> [ABOUT THIS TASK]
The line containing "Whenever a student" marks the end: copy exactly every line from the start of the records below up to and including it, leaving out pictures.

-=-=-=-=-

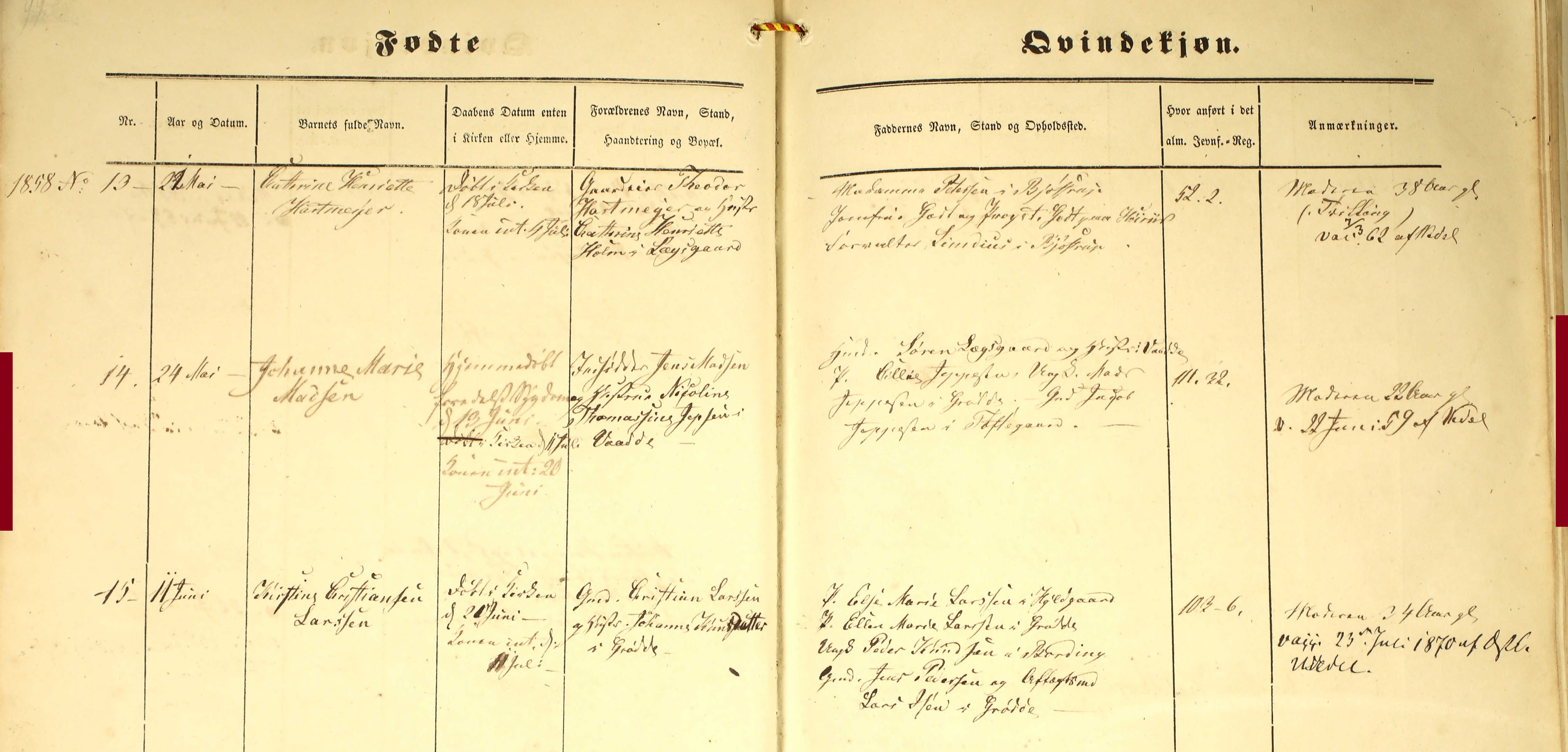 - [S383] The Danish National Archives; Church Records, Ane Kristine Pedersen birth record, Page 40 Image 23, Karup sogn (Viborg amt) Kontraministerialbog (1814 - 2002) Denmark.
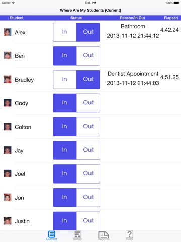 Whenever a student is checked out of the room, a handy on-screen timer appears next to that student’s name. This is a huge help to teachers of all levels, elementary through high school, who want to track not only who is out of the room and where they are, but for how long they have been gone.
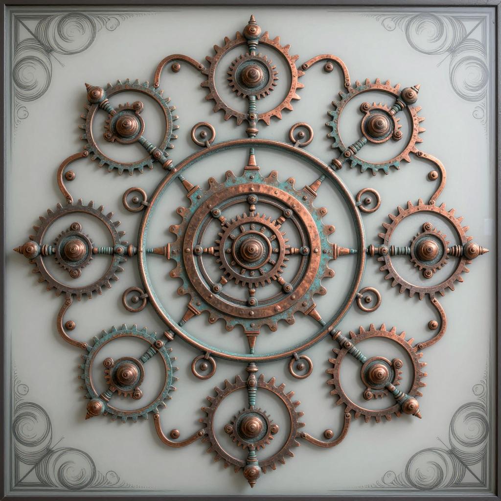 Scrollworks pattern featuring steampunk scrolls entwined with gears and cogs in oxidized copper scrollwork on weathered teal arranged as central circular medallion of scrollwork on a plain field on glass panel with frosted scroll etching rendered as engraving-style black and white etching, ultra-detailed, sharp ornamental design, high resolution, intricate decorative pattern art
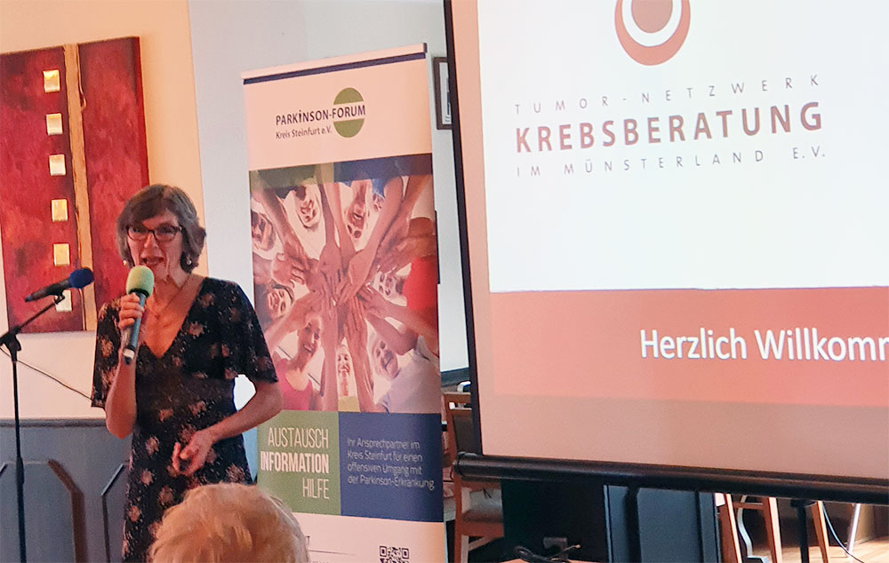 „Das war hochinteressant und hat unsere Konzentration mächtig gefordert“, atmete eine Dame beim Treffen des Parkinson-Forums Kreis Steinfurt e. V. tief durch. Immerhin hatten die über 90 Teilnehmer gerade zwei Vorträge mit jeder Menge Informationen zu verarbeiten. So ging Gudrun Bruns vom Tumor-Netzwerk Krebsberatung im Münsterland e.V. ausführlich auf das Thema „Mit einer Krebserkrankung leben“ ein und erläuterte, wie eine kompetente Beratung Patienten und deren Angehörige in allen Phasen der Krankheit dabei unterstützen kann. Wie sich die Lebensqualität der Betroffenen erhöhen lässt, zeigte Bruns unter anderem auf. „Übrigens ist der Fernsehdetektiv Leonard Lansink alias Wilsberg Schirmherr unseres Netzwerkes“, überraschte sie schließlich ihre Zuhörer.
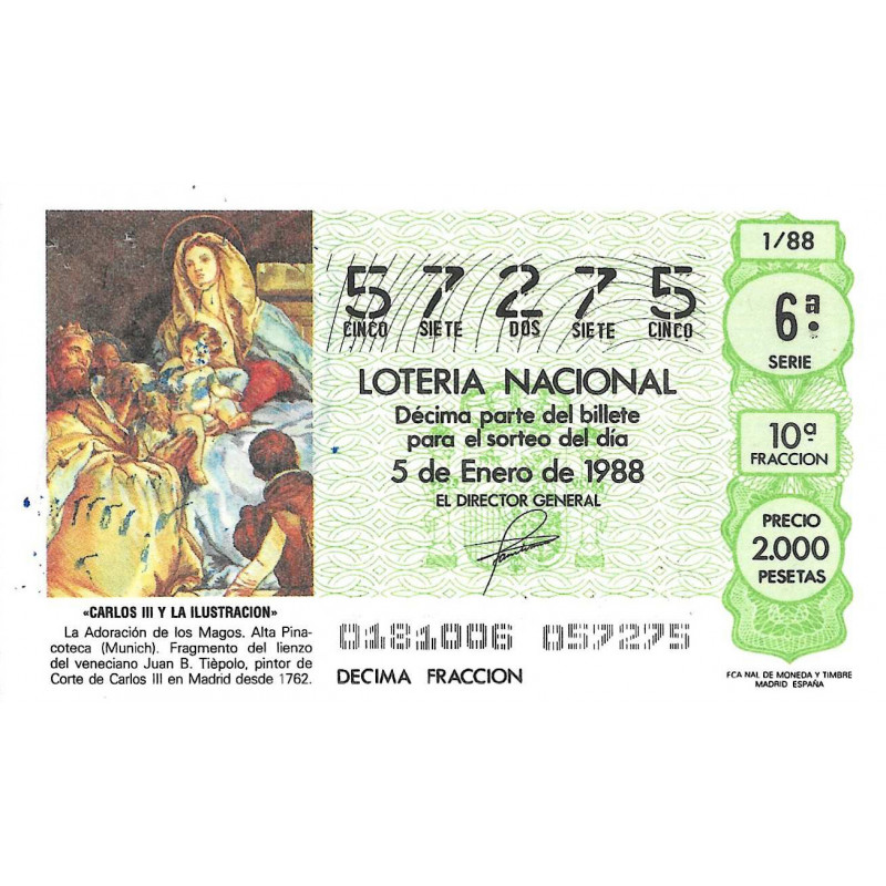 Décimo defectuoso, con pequeñas manchas de tinta
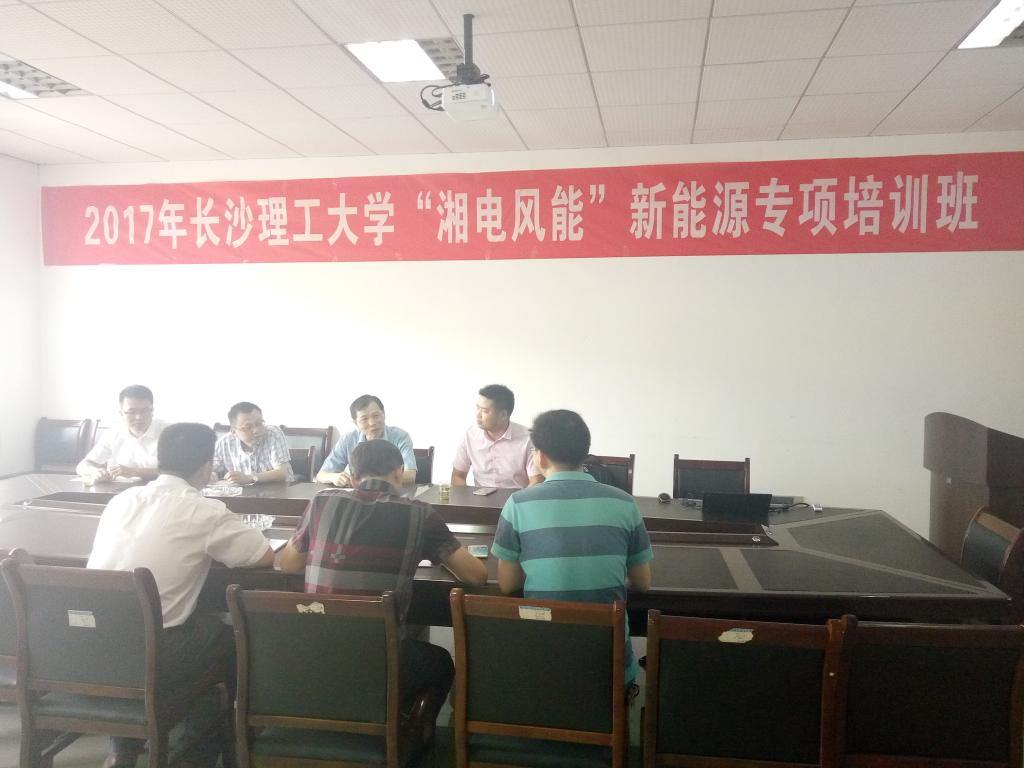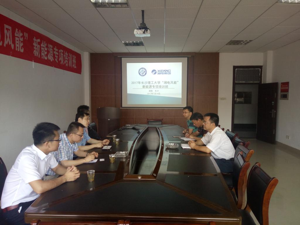 2017年7月14日,2017年MG冰球突破官网“湘电风能”新能源专项培训班开班仪式在我院工科一号楼A422室举行,湘电风能龙辛技术副总、吴晓鹏副院长、刘自强副部长、王成泽工程师、我院陈荐院长、田向阳副书记、唐明珠副主任及新能源科学与工程专业的部分本科生参加开班仪式。MG冰球突破官网“湘电风能”新能源专项培训班目的是湘电风能选拔2014级新能源专业本科生参加风资源评估工程师培训,实现学校人才培养和企业人才需求无缝对接。

-=-=-=-=-

> [SOLUTION TO THIS EXERCISE]
 - [S383] The Danish National Archives; Church Records, Ane Kristine Pedersen birth record, Page 40 Image 23, Karup sogn (Viborg amt) Kontraministerialbog (1814 - 2002) Denmark.
 Whenever a student is checked out of the room, a handy on-screen timer appears next to that student’s name. This is a huge help to teachers of all levels, elementary through high school, who want to track not only who is out of the room and where they are, but for how long they have been gone.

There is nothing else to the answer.